神国ニッポン
ただのバカ話なので、真に受けないでね。
我が神国ニッポンは、世界に冠たる大帝国であり、その兵士は精強無比であります。
"黄金の鉄の塊で出来ている鋼の魂のダイアモンドの騎士の戦車"を徒手空拳で打ち破り、空から襲い来る鋼鉄でできた戦闘機には竹槍を用いて見事撃墜するのです。
また、隠密として活躍している忍者部隊は、その名が夷狄の国にまで知られており、要人暗殺においては、「アイエエエ!?ニンジャ!?ニンジャナンデ!?」と、暗殺対象が断末魔の叫び声を上げるほど。
夷狄どもが、
「汚いなさすが忍者きたない」
などと叫ぶも、忍者の恐ろしさ故であることは、"確定的に明らか"であります。
また、軍事科学技術の面おいても神国は他の追随を許すことがなく、"天空城塞ラピュータ"が、30年の長きにわたって我が国の空の防衛の要を務めております。

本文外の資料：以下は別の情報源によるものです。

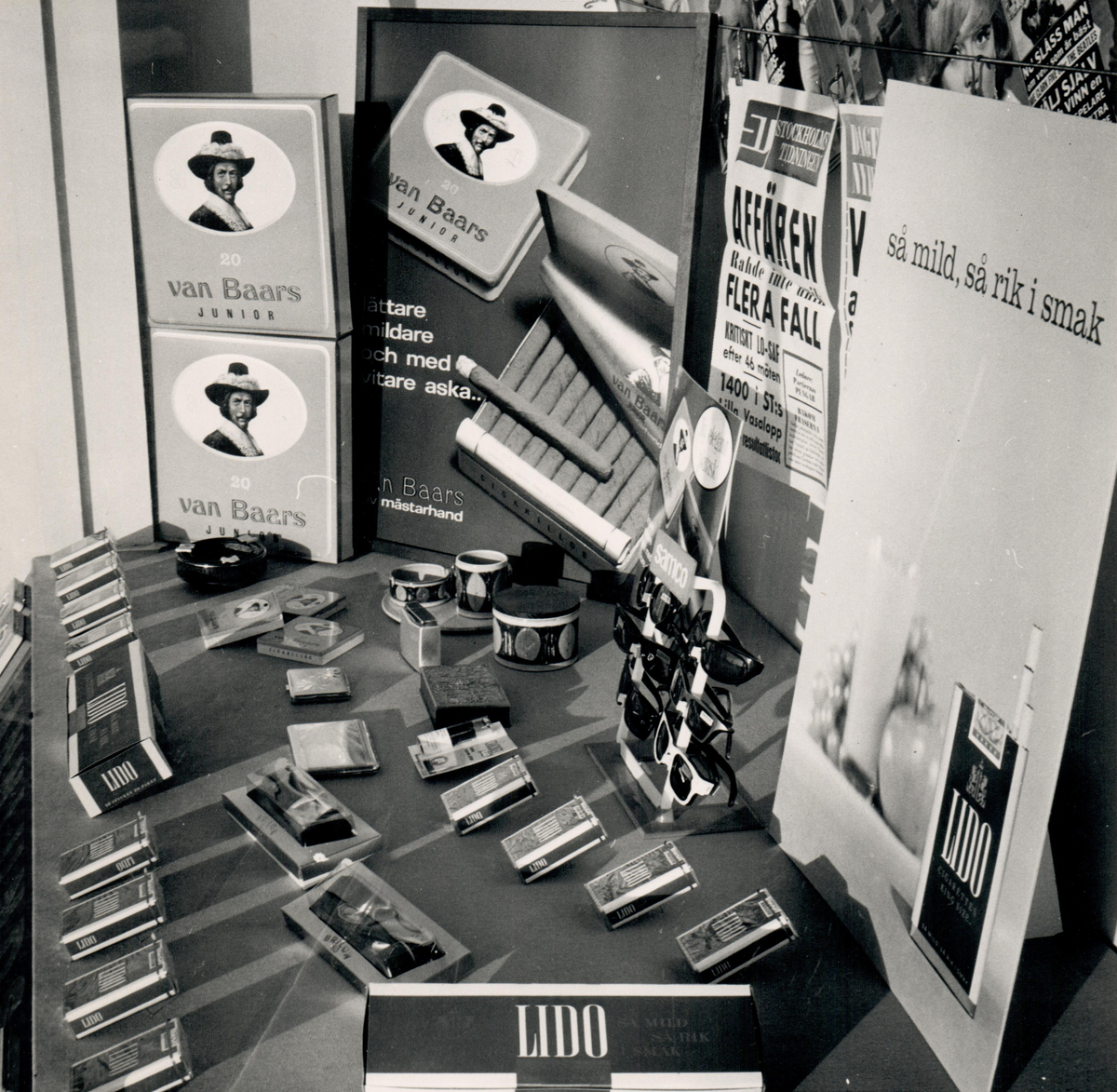 Skyltfönster med tobaksprodukter, däribland cigariller av märket van Baars och cigaretter av märket Lido. F.o Tannlunds eftr., Prästgatan 19, Östersund.

この天空城塞は、神国が誇る"ジブーリ"と呼ばれる最高技術者集団より生み出されたのであります。
ラピュータには、
「ウオッホン"旧約聖書にあるソドムとゴモラを滅ぼした天の火だよ ラーマヤーナではインドラの矢とも伝えているがね"」
失敬、こごだけなぜか声色を変えなければならない伝統がわが国にはあるのです。
またラピュータには、インドラの矢以外にも飛行可能な戦闘用ロボットが無数に搭載されており、ロボットが放つレーザーの一撃は城の壁を薙ぎ払い、溶岩の塊へと変えてしまうほど。
私がかつて田舎でただの農夫をしていたころ、空からロボットが落ちてくるなどと言う騒ぎがありまして。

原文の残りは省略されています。